Celia is "really startled," she feels "disgust," vexed, "a sort of shame mingled with a sense of the ludicrous." Then we get this description of their day:


"The day was damp, and they were not going to walk out, so they both went up to their sitting-room; and there Celia observed that Dorothea, instead of settling down with her usual diligent interest to some occupation, simply leaned her elbow on an open book and looked out of the window at the great cedar silvered with the damp. She herself had taken up the making of a toy for the curate's children, and was not going to enter on any subject too precipitately." 


The silvered cedar, the wet, languid day ahead of them, and Celia computing just how she will bring up her suspicions.

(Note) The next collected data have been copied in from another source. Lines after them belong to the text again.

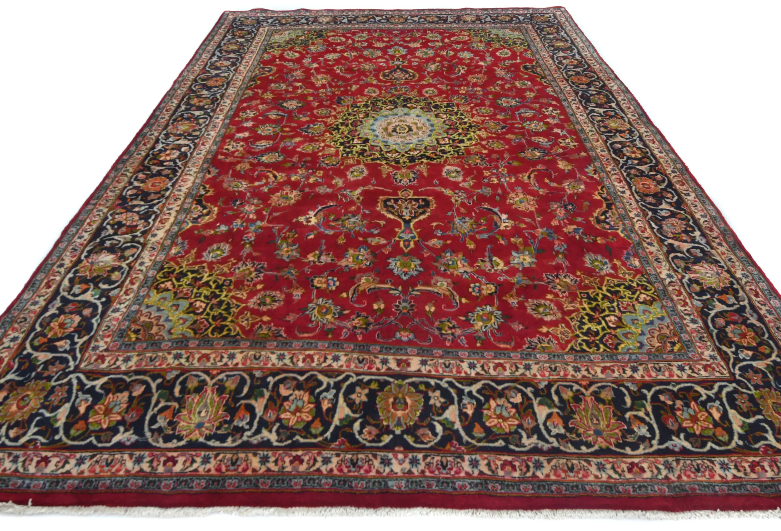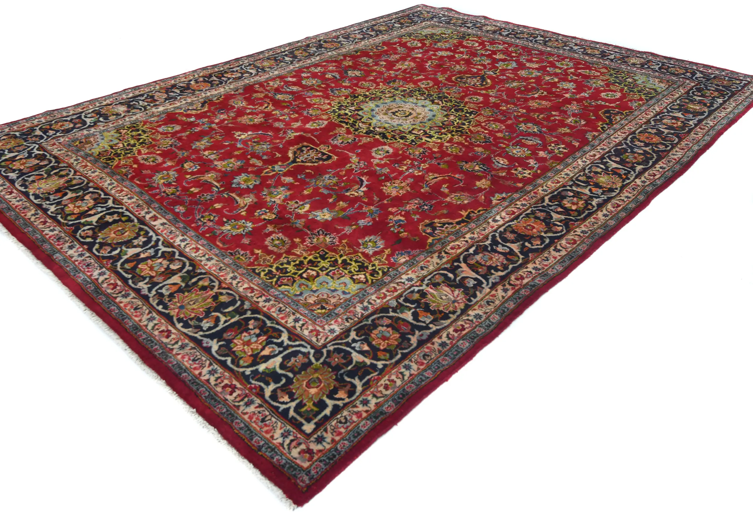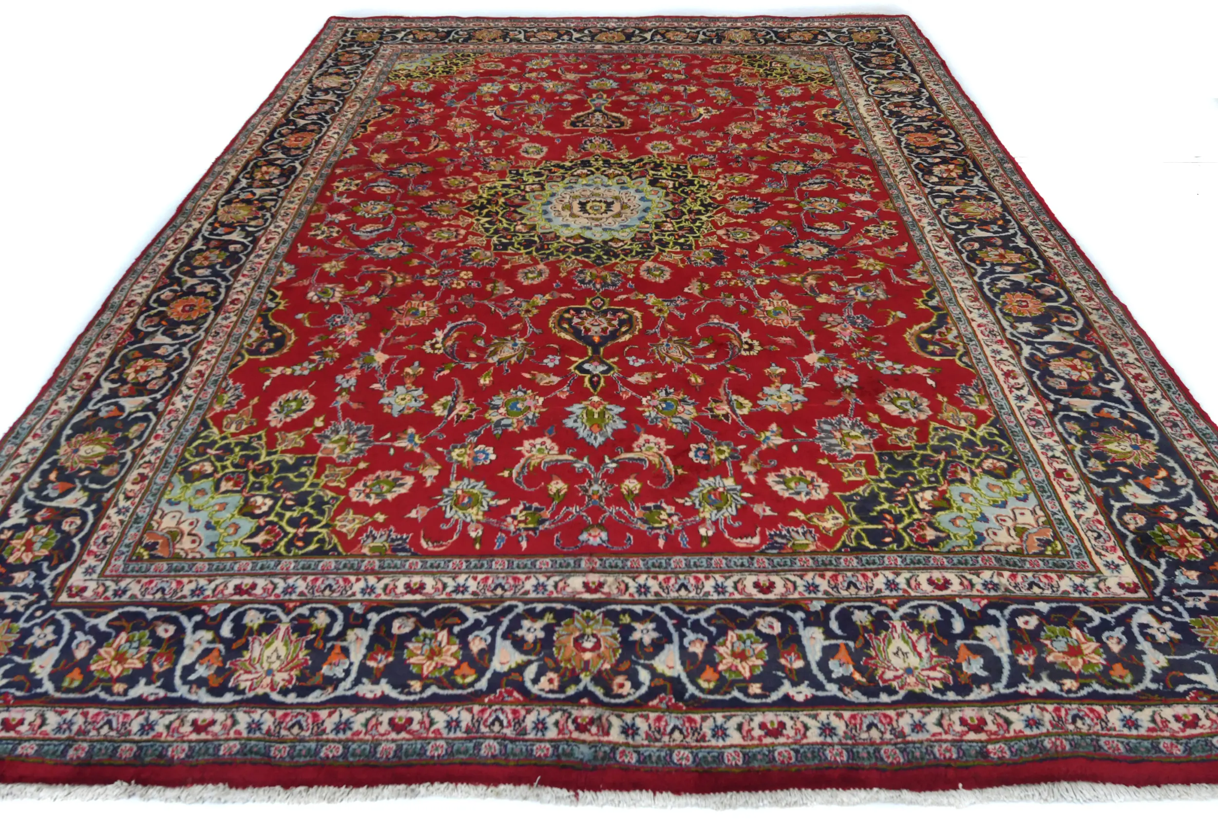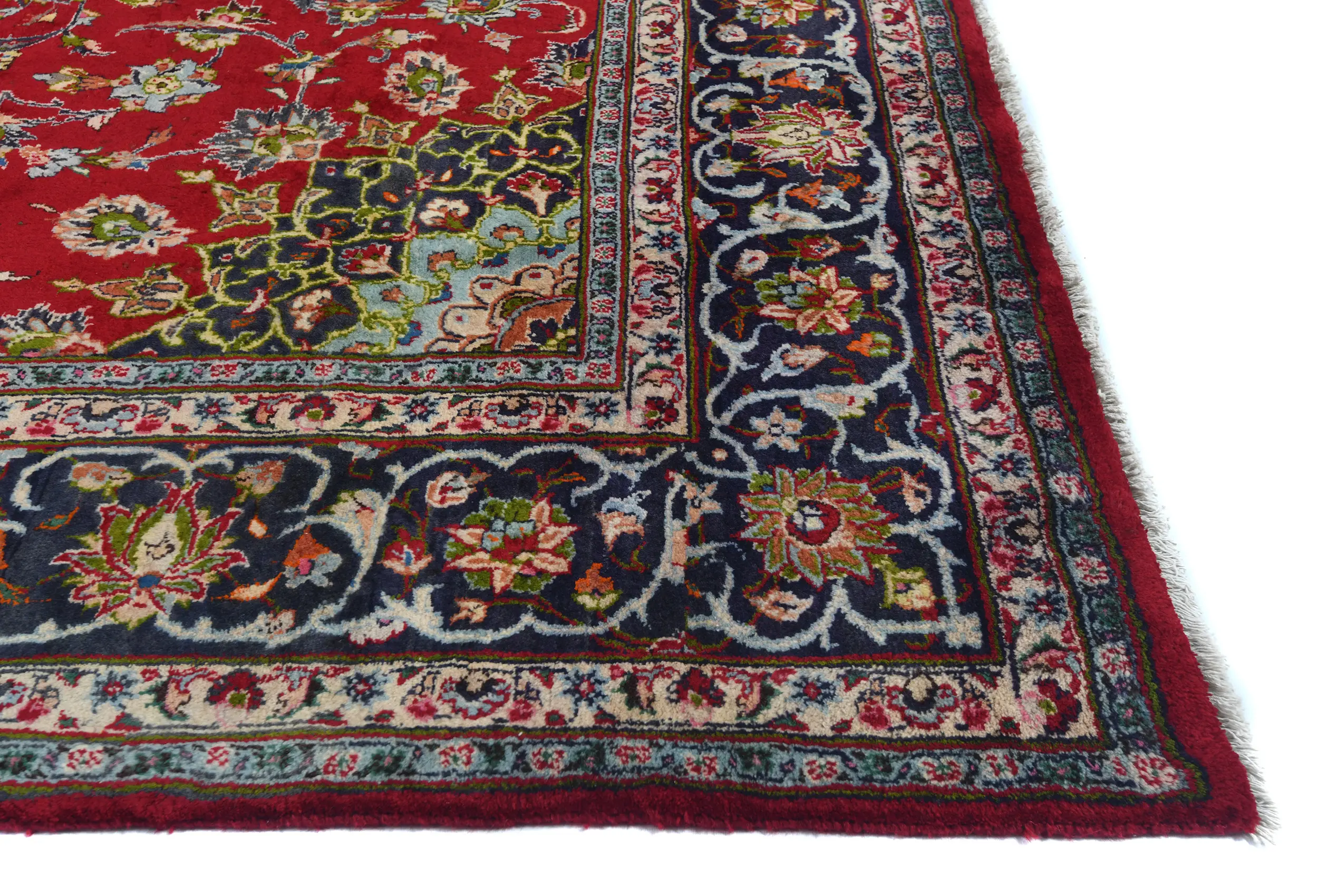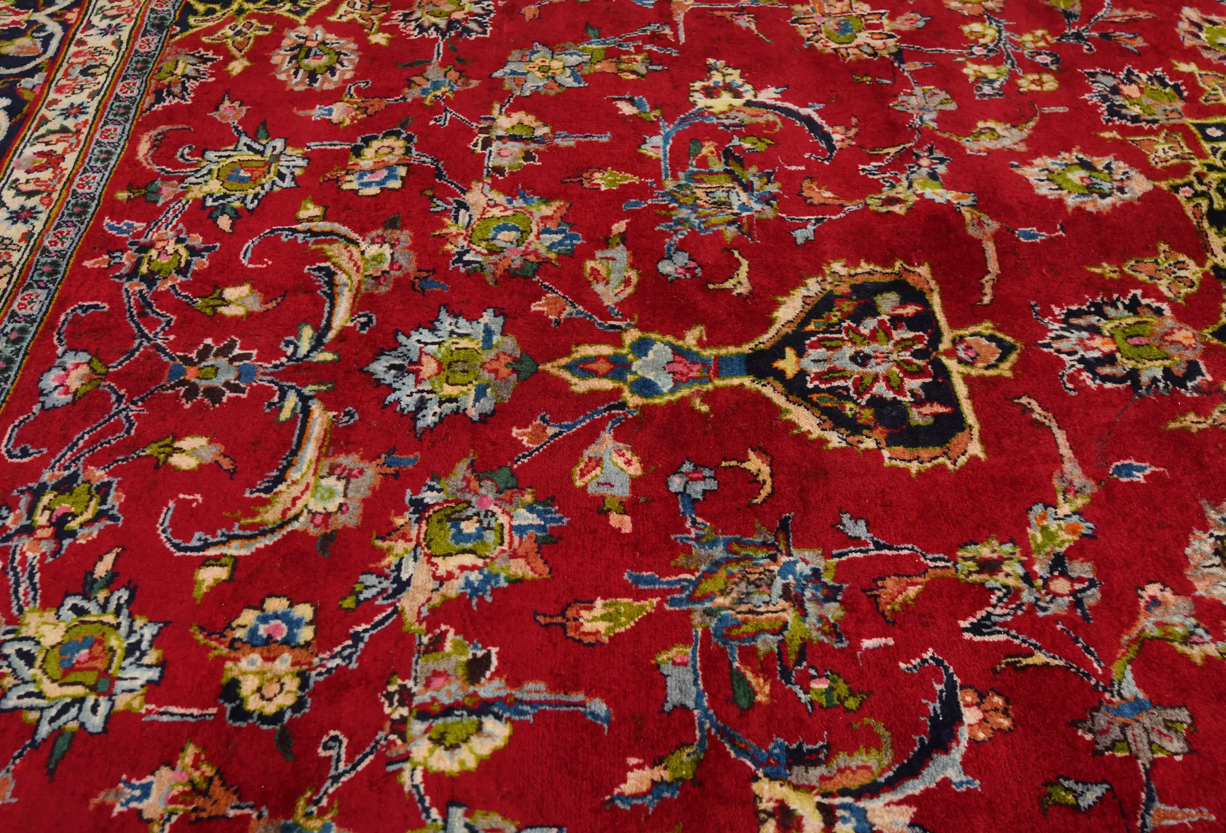 Vintage Red Floral Traditional 8x11 Mashad Persian Rug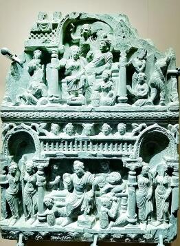 3月15日,由故宫博物院和巴基斯坦国家遗产与文化署考古与博物馆局共同主办的“譬若香山:犍陀罗艺术展”在故宫文华殿开幕。图为展出的佛教故事石雕艺术品。李韵摄/光明图片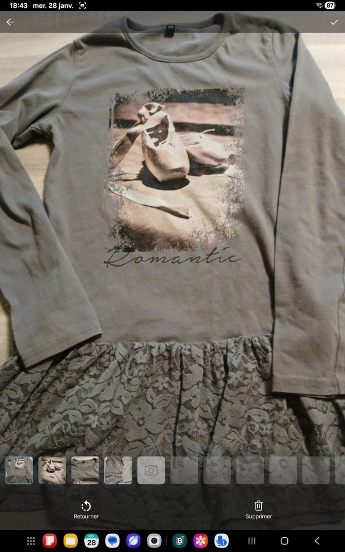 Robe manches longues mi saison grise dessin ballerine devant bas en dentelle 10 ans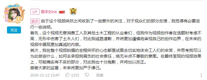首先,这个视频无意消费工人及其他土木工程的从业者们,但我作为视频创作者在选题时考虑不周,无形中伤害了土木人们,对此我诚恳道歉,并将更加谨慎地审视自己的创作边界,在未来的视频中展现更加真诚的内容。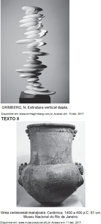 As duas imagens são produções que têm a cerâmica como matéria-prima. A obra Estrutura vertical dupla se distingue da urna funerária marajoara ao

Dorothea anticipates her sister and dreads the "corrosiveness of Celia's pretty carnally-minded prose." What a line!! She's right to dread it, because Celia's words are well-aimed: 


"Is anyone else coming to dine besides Mr Casaubon?"

"Not that I know of."

"I hope there is some one else. Then I shall not hear him eat his soup so." 


Could there be a better attack then to address the annoyance of hearing someone else eating? And someone to whom you may marry and have to listen to three times a day until one of you finally escapes through death?